▸ **PROBLEM TO WORK ON**
Return, word for word, the lines of the listing below from the one with "2026년 근화동396 청년창업지원센터" through the one with "두뇌 건강 관리가 필요한 모든 분을 위한 포스파티딜세린 징코 PS는 식약처 인정", and no other lines.

▸ **SOURCE INFORMATION**
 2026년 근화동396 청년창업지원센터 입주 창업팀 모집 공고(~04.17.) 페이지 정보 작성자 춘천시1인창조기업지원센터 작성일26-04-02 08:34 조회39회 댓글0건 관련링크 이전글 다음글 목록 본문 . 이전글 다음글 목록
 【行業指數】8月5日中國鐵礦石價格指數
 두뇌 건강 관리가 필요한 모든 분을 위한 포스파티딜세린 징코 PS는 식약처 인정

* * *

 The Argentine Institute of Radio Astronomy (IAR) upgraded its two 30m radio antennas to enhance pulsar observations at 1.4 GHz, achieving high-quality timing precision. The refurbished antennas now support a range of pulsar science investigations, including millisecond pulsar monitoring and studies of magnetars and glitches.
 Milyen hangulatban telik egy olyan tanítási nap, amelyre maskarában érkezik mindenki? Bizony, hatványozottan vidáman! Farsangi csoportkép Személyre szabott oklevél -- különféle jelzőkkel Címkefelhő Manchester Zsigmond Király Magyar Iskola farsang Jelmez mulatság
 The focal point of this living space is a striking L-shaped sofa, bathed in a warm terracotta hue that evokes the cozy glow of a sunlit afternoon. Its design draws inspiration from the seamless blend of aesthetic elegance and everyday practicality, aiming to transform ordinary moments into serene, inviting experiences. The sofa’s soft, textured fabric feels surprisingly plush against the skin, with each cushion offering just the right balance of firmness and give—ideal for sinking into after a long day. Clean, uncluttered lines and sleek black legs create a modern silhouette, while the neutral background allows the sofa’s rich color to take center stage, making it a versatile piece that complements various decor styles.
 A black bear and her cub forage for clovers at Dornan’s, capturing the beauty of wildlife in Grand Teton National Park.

▸ **ANSWER BOX**
 2026년 근화동396 청년창업지원센터 입주 창업팀 모집 공고(~04.17.) 페이지 정보 작성자 춘천시1인창조기업지원센터 작성일26-04-02 08:34 조회39회 댓글0건 관련링크 이전글 다음글 목록 본문 . 이전글 다음글 목록
 【行業指數】8月5日中國鐵礦石價格指數
 두뇌 건강 관리가 필요한 모든 분을 위한 포스파티딜세린 징코 PS는 식약처 인정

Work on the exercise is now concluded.